From the material below, copy exactly the lines beginning with the one that contains "当社はこうした現場の声や自社" and ending with the one that contains "Donald Bryan, a"; the pictures stay out.

# SOURCE INFORMATION
=-=-=-=-=

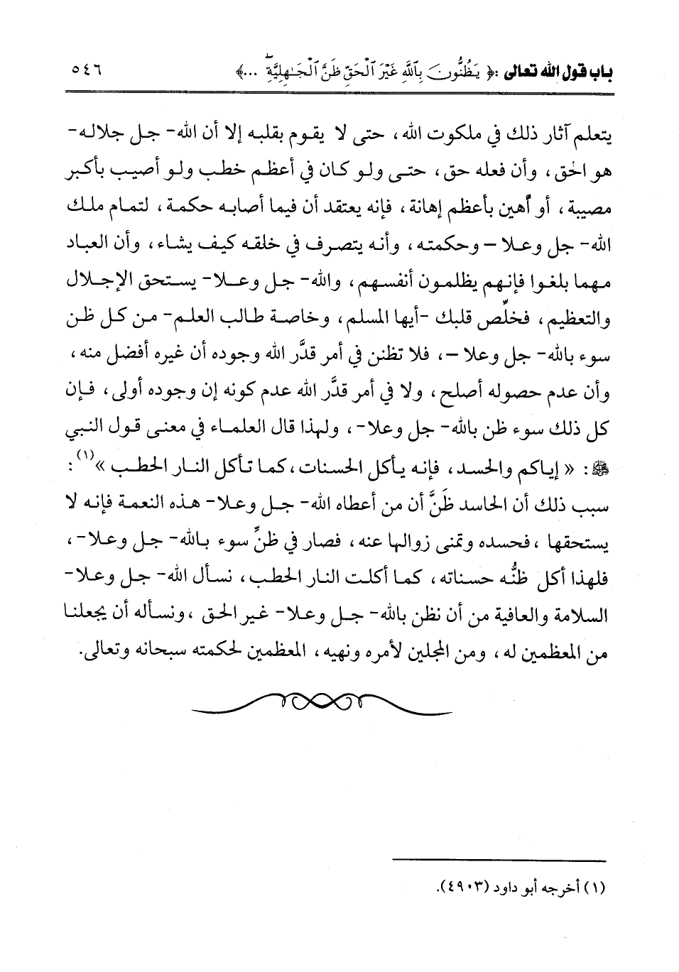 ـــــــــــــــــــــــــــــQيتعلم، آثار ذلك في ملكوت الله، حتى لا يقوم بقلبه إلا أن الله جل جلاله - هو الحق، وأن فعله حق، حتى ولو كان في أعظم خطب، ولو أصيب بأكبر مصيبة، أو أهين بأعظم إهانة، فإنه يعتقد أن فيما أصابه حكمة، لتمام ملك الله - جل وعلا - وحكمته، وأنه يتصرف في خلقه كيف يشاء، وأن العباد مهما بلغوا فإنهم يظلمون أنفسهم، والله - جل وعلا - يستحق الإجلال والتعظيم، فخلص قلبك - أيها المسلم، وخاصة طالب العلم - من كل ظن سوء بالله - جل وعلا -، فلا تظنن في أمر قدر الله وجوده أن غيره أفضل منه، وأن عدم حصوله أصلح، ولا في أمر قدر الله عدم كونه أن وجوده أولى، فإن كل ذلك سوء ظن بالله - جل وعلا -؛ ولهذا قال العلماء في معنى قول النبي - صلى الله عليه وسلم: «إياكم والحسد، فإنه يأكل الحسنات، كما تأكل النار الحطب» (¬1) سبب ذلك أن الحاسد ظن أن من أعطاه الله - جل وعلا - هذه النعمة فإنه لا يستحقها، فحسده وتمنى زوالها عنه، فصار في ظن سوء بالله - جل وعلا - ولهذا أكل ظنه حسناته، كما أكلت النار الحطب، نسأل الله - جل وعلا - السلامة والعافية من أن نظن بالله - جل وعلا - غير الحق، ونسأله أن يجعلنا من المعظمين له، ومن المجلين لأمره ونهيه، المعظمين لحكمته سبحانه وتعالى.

=-=-=-=-=

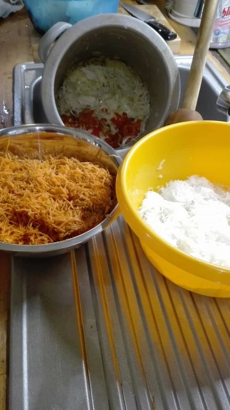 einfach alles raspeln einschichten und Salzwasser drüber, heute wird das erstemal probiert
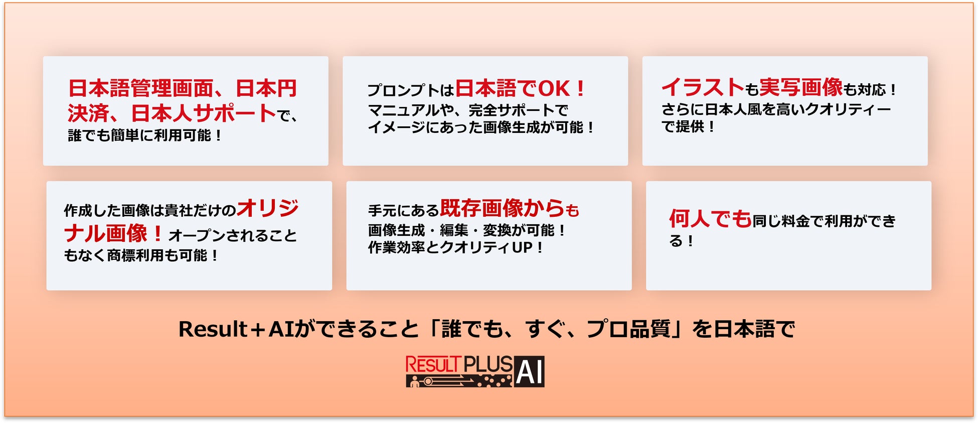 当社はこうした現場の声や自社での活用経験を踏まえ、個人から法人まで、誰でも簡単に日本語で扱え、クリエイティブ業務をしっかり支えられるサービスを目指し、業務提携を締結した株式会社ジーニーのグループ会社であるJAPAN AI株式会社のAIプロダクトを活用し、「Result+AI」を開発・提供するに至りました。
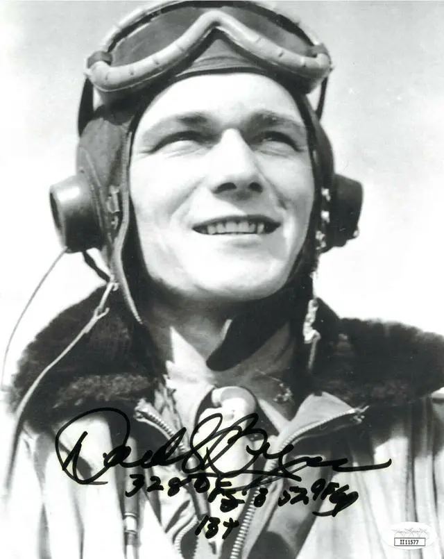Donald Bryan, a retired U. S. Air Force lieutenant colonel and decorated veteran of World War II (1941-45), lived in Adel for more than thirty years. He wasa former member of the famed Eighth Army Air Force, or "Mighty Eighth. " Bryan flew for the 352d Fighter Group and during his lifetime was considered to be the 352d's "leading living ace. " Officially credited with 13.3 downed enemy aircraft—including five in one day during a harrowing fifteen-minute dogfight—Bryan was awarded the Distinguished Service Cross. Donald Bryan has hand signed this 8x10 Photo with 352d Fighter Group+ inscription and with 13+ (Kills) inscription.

=-=-=-=-=

# REPLY
 当社はこうした現場の声や自社での活用経験を踏まえ、個人から法人まで、誰でも簡単に日本語で扱え、クリエイティブ業務をしっかり支えられるサービスを目指し、業務提携を締結した株式会社ジーニーのグループ会社であるJAPAN AI株式会社のAIプロダクトを活用し、「Result+AI」を開発・提供するに至りました。
Donald Bryan, a retired U. S. Air Force lieutenant colonel and decorated veteran of World War II (1941-45), lived in Adel for more than thirty years. He wasa former member of the famed Eighth Army Air Force, or "Mighty Eighth. " Bryan flew for the 352d Fighter Group and during his lifetime was considered to be the 352d's "leading living ace. " Officially credited with 13.3 downed enemy aircraft—including five in one day during a harrowing fifteen-minute dogfight—Bryan was awarded the Distinguished Service Cross. Donald Bryan has hand signed this 8x10 Photo with 352d Fighter Group+ inscription and with 13+ (Kills) inscription.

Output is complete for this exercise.